PROBLEM STATEMENT
Under this line are the records; write out word for word the part that begins at the line containing "但这里也有一个有趣的细节,那就是与之相关。 Apple Watch" and ends at the line containing "3月19日,2026款捷途山", and no more.

LISTED RECORDS
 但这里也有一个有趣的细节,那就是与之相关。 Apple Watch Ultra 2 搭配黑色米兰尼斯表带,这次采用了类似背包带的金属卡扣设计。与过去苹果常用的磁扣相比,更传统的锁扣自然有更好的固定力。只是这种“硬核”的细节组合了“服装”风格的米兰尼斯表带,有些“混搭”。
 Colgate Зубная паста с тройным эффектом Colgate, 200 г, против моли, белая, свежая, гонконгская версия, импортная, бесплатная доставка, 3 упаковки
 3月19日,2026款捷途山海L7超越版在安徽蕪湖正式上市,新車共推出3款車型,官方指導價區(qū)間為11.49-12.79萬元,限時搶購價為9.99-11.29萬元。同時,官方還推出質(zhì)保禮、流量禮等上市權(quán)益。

* * *

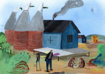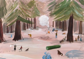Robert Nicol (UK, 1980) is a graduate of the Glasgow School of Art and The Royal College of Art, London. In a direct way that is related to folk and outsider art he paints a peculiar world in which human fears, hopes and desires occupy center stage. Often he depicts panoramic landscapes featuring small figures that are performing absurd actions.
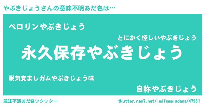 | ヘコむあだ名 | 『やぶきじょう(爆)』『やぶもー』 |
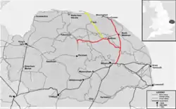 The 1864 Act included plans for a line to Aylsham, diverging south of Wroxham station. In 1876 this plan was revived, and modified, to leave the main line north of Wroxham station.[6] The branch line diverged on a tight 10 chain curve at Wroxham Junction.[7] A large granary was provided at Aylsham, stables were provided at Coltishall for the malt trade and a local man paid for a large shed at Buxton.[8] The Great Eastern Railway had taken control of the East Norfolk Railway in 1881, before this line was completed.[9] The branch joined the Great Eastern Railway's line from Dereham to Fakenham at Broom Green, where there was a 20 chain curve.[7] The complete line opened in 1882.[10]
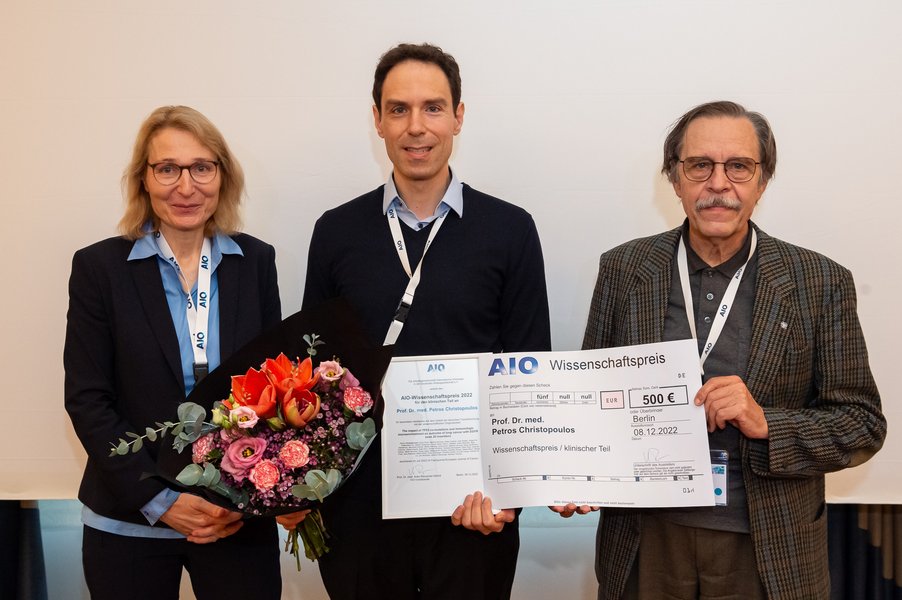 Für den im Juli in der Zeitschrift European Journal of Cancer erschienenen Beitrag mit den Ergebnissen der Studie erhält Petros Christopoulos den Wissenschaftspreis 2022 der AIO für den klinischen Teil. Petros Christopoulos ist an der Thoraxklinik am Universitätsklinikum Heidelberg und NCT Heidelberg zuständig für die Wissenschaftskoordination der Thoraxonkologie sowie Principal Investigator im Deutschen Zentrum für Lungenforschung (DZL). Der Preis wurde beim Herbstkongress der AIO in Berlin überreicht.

RESPONSE
 但这里也有一个有趣的细节,那就是与之相关。 Apple Watch Ultra 2 搭配黑色米兰尼斯表带,这次采用了类似背包带的金属卡扣设计。与过去苹果常用的磁扣相比,更传统的锁扣自然有更好的固定力。只是这种“硬核”的细节组合了“服装”风格的米兰尼斯表带,有些“混搭”。
 Colgate Зубная паста с тройным эффектом Colgate, 200 г, против моли, белая, свежая, гонконгская версия, импортная, бесплатная доставка, 3 упаковки
 3月19日,2026款捷途山海L7超越版在安徽蕪湖正式上市,新車共推出3款車型,官方指導價區(qū)間為11.49-12.79萬元,限時搶購價為9.99-11.29萬元。同時,官方還推出質(zhì)保禮、流量禮等上市權(quán)益。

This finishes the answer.